Another possible problem with keeping the number of nodes small is the Sybil attack. A Sybil attack happens when a node in a network uses multiple identities. This is a procedure that can allow an attacker to outvote honest nodes by controlling or creating a majority. Where a 51 percent attack would be solely based on computing power, some networks use a factor called “reputation” as an additional weighing factor for the influence of the nodes.
Your node controls the Sybil nodes attempting to gain total control. Image courtesy of CoinCentral.
User behavior is always a concern. You can create the safest backup system, but a disgruntled employee could frustrate the whole effort. And insiders do not even have to have bad motives to corrupt the system. They may do it out of ignorance or with the best intentions. They may want to sweep something under the rug and unwittingly remove or corrupt more than they expected.
Deleted files could be a problem in some setups. This is something to keep in mind. Having the hash of the deleted file and the date when it was removed may not always be satisfactory. Even if you know when and by whom a file was deleted, that will not bring it back. Depending on the way the backup system is set up, this may be solved with some digging in old backups, or they may be lost forever.
The underlying problem for this is: Do you want every version of every document to be available at all times, or is it okay to have the original and the latest version with a historical overview of when it was changed and by whom? Ideally there should be some middle ground, for example, complete backups once a year and incremental backups done by the blockchain.
Large node networks
To prevent any type of majority attack, companies could decide to use larger, established networks like the Ethereum Project, but this may collide with policies of not sharing any kind of data outside their own network. Even if it is only the hashes and timestamps of the filesystem, this could clue others into what’s going on. And the costs for the nodes calculating the hashes (the miners) could prove to be more expensive than current backup solutions.

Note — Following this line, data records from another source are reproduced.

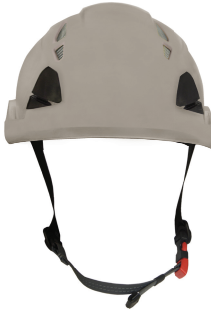
(Front with Chin Strap)
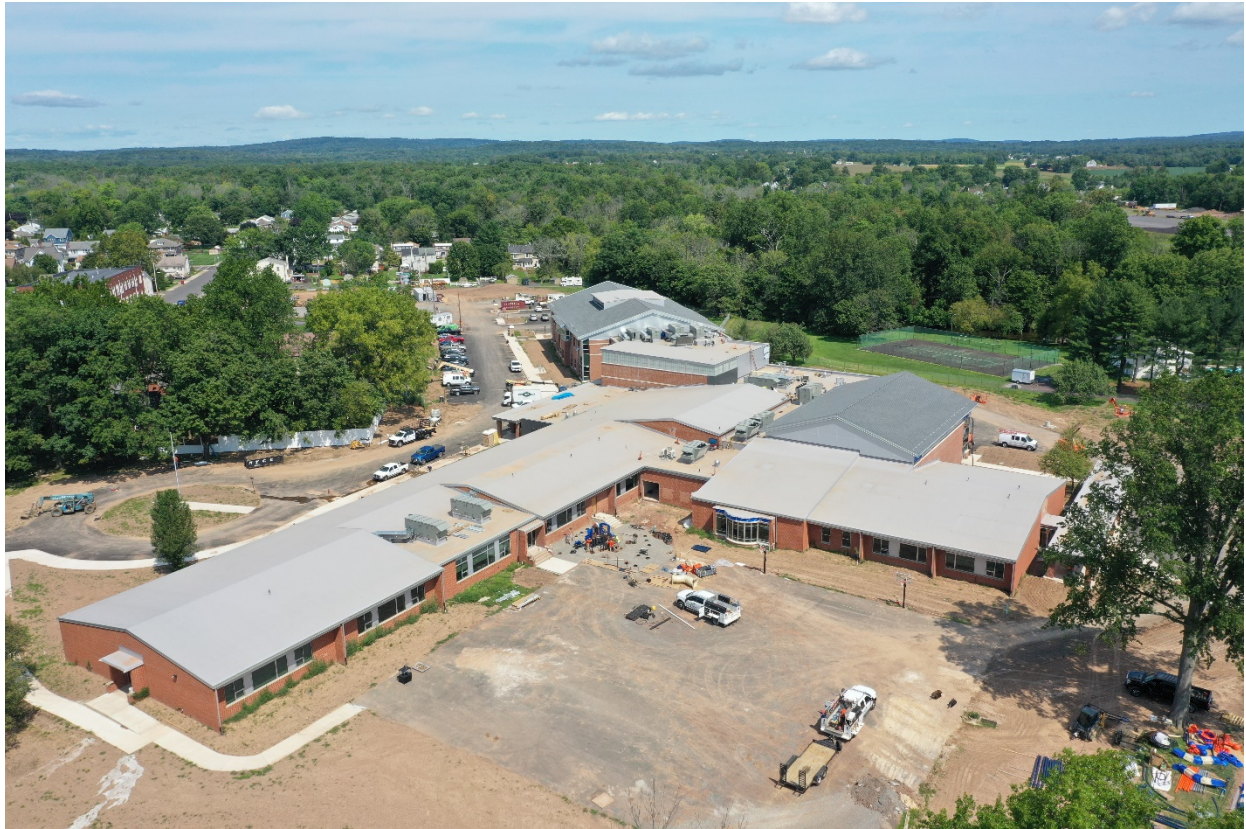
Neidig Elementary School Site, August 27, 2020
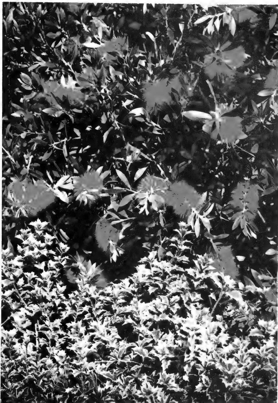
CALLISTEMAN LANCEOLATUS AND OSMANTHUS ILLICIFOLIUS VARIEG.
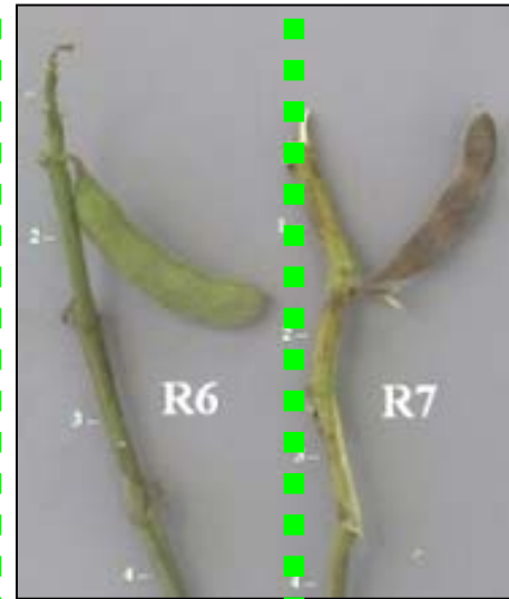
R6 full seed
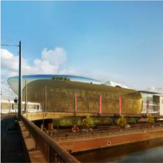
DOCKS BRUXSEL, BRUSSELS
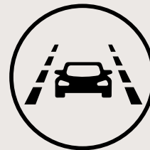
Lane Departure Warning with Lane Keeping Assist
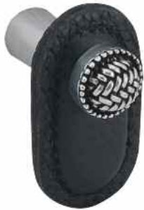
Leather Knob (K1165)
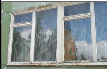
Common state of windows in CIS countries
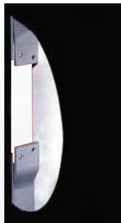
As seen from the inside of the door looking out.

SOSS OFFERS READY-MADE REINFORCEMENTS FOR EASY PREP OF STEEL DOORS.
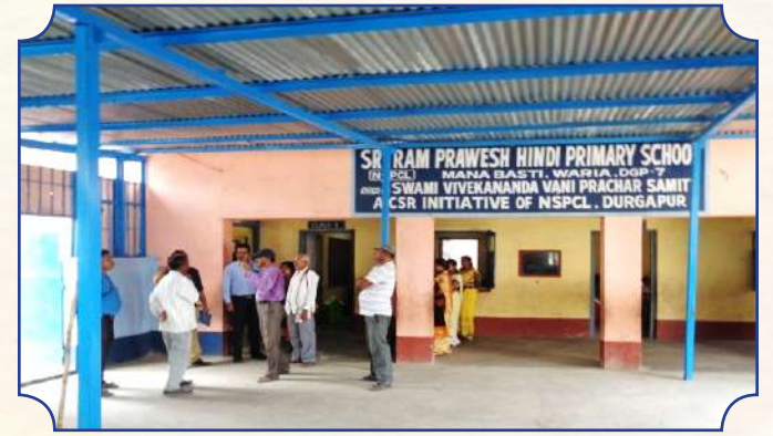
Construction shed at Mana School

So when can we expect to see this happening?
I think we will see more progress made in this field in the near future. Incremental backup and keeping track of changes has blockchain written all over it. But a viable solution should have a large network behind it. And there are some other pitfalls to keep in mind when designing and setting up such a backup system. It may not be ready yet to be your only solution, but it seems to be an ideal fix to have incremental backups on a blockchain combined with full backups at set intervals.